Figures 5–8 show XPS data collected from electrodes made using the surface-modified silicon particles described above. These spectra show not only the constituent elements of the surface-modified silicon particles but also the other components used to fabricate the electrodes. A comparison of the C 1s spectra collected from the electrodes is shown in Fig. 5. The C 1s spectra of electrodes fabricated with the Si/C and Si/C/PEG materials show signals at ∼282.8 [SiCx (1 < x < 2)], ∼283.9 [graphite and carbon black], ∼285.3 [—CC—, —CH], ∼287.2 [—C—O], and 289.2 [O—C=O] eV. Electrodes fabricated using Si/C/PVdF and Si/C/PFO particles show contributions at ∼289.0 [O—C=O] and 293.9 [—CF2CF3] eV (Si/C/PFO only).

The Si 2p regions collected from electrodes fabricated with the surface-modified silicon particles are shown in Fig. 6. As signal from silicon comes only from the surface-modified particles, the spectra appear to be fairly similar to those of raw powders. The Si/C, Si/C/PEG, and n-SiO materials show intensities at ∼99.3 [Si], ∼100.5 [SiOy (1 < y < 2)], ∼102.3 [SiCxOy], and ∼103.4 [SiO2] eV. The fluorine-containing Si/C/PVdF- and Si/C/PFO-based electrodes show additional intensity in the spectra at 102.3 [SiCxOy, SiFz (1 < z < 4) (Ref. 14)] and 103.3 [SiO2, SiOaFb] eV.

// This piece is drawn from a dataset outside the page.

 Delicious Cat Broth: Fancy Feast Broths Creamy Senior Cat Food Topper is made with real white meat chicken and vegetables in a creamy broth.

The O 1s spectra collected from the electrodes fabricated with the surface-modified silicon particles are shown in Fig. 7. These spectra also appear to be fairly similar to those of raw particles. The spectra indicate intensities at ∼532.3 [—C=O, O—C=O, SiOy] and ∼533.6 [—C—O] eV. The F 1s spectra from the electrodes are shown in Fig. 8. Both the Si/C/PVdF-based and the Si/C/PFO-based electrodes indicate signals at ∼685.6 [LiF] and ∼686.7 [SiOaFb] eV. The Si/C/PFO-based electrode shows an additional signal at 688.8 [CF2, CF3] eV.

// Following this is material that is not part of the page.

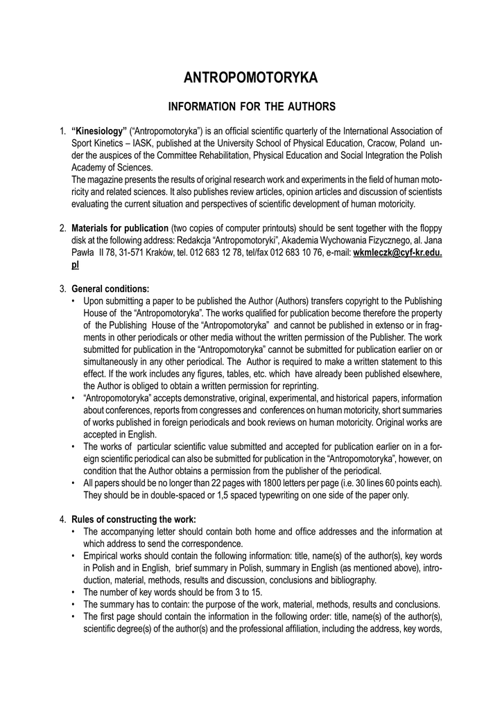 ANTROPOMOTORYKA INFORMATION FOR THE AUTHORS 1. “Kinesiology” (“Antropomotoryka”) is an official scientific quarterly of the International Association of Sport Kinetics – IASK, published at the University School of Physical Education, Cracow, Poland under the auspices of the Committee Rehabilitation, Physical Education and Social Integration the Polish Academy of Sciences. The magazine presents the results of original research work and experiments in the field of human motoricity and related sciences. It also publishes review articles, opinion articles and discussion of scientists evaluating the current situation and perspectives of scientific development of human motoricity. 2. Materials for publication (two copies of computer printouts) should be sent together with the floppy disk at the following address: Redakcja “Antropomotoryki”, Akademia Wychowania Fizycznego, al. Jana Pawła II 78, 31-571 Kraków, tel. 012 683 12 78, tel/fax 012 683 10 76, e-mail: [email protected]. pl 3. General conditions: • Upon submitting a paper to be published the Author (Authors) transfers copyright to the Publishing House of the “Antropomotoryka”. The works qualified for publication become therefore the property of the Publishing House of the “Antropomotoryka” and cannot be published in extenso or in fragments in other periodicals or other media without the written permission of the Publisher. The work submitted for publication in the “Antropomotoryka” cannot be submitted for publication earlier on or simultaneously in any other periodical. The Author is required to make a written statement to this effect. If the work includes any figures, tables, etc. which have already been published elsewhere, the Author is obliged to obtain a written permission for reprinting. • “Antropomotoryka” accepts demonstrative, original, experimental, and historical papers, information about conferences, reports from congresses and conferences on human motoricity, short summaries of works published in foreign periodicals and book reviews on human motoricity. Original works are accepted in English. • The works of particular scientific value submitted and accepted for publication earlier on in a foreign scientific periodical can also be submitted for publication in the “Antropomotoryka”, however, on condition that the Author obtains a permission from the publisher of the periodical. • All papers should be no longer than 22 pages with 1800 letters per page (i.e. 30 lines 60 points each). They should be in double-spaced or 1,5 spaced typewriting on one side of the paper only. 4. Rules of constructing the work: • The accompanying letter should contain both home and office addresses and the information at which address to send the correspondence. • Empirical works should contain the following information: title, name(s) of the author(s), key words in Polish and in English, brief summary in Polish, summary in English (as mentioned above), introduction, material, methods, results and discussion, conclusions and bibliography. • The number of key words should be from 3 to 15. • The summary has to contain: the purpose of the work, material, methods, results and conclusions. • The first page should contain the information in the following order: title, name(s) of the author(s), scientific degree(s) of the author(s) and the professional affiliation, including the address, key words, brief summary in Polish and in English. The summary should not contain less than 200 and to more than 250 words. • The reference materials should be listed on a separate sheet of paper. Only the aterials the Author refers to in the text may be included. They should be numbered using Arabic numerals and placed in the order they are quoted in the work (not in the alphabetic order). Each item of the reference materials should be written in a new verse. The surname(s) of the author(s) of the quoted work should be followed by the initials of their first name(s), then the original title of the magazine where the work was published should be given. The abbreviation of the title of a magazine should be taken from the Index Medicus (or International Committee of Medical Journal Editors: Uniform Requirements for manuscripts submitted in biomedical journals. N Engl J Med 1997; 336, 309–315). Examples: a) works printed in magazines: • Casella R, Bubendorf L, Sauter G, Moch H, Michatsch MJ, Gasser TC: Focal neuroendocrine differentiation lacks prognostics significance in prostate core needle biopsies. J Urol, 1998; 160: 406–410. b) monographs: • Matthews DE, Farewell VT: Using and Understanding Medical Statistics, ed 3, revised. Basel, Karger, 1966. c) chapters in textbooks: • Parren PWHI, Burton DR: Antibodies against HIV-1 from phage display libraries; Mapping of an immune response and progress towards antiviral immunotherapy; in Capra JD (ed): Antibody Engineering, Chem. Immunol. Basel, Karger, 1997, 65: 18–56. • Kokot F: Fizjologia nerek; (w:) Zieliński J, Leńko J (eds): Urologia, Warszawa, PZWL, 1992, 1: 9–20. All the illustrations have to be of high quality. Graphic material should be submitted on white sheets of paper. Copies of photographs and photographs should be submitted on glossy paper. The consecutive number of the photograph should be written with a soft pencil on the back side of each photograph as well as an arrow marking its top edge. Only black and white pictures are printed. Scales and pictures should be placed on separate pages and numbered with Arabic numerals. The headings, descriptions and suscriptions under the pictures and above the scales should be written in Polish and English. Example in Polish: Tabela 1., Ryc. 1., Objaśnienia, Chłopcy Example in English: Table 1., Fig. 1., Commentary, Boys Please, use round parentheses. Physical or chemical formulae should be written clearly. This refers particularly to indices and exponents. The article can be written using the editor of

Surface quantification of the raw silicon-modified particles and the electrodes is summarized in Table III. In general, the elemental composition trends are as expected. The high C content observed on the n-SiO powder suggests that the silicon is covered by a carbonaceous compound that is likely a residue of the milling process used to produce the particles.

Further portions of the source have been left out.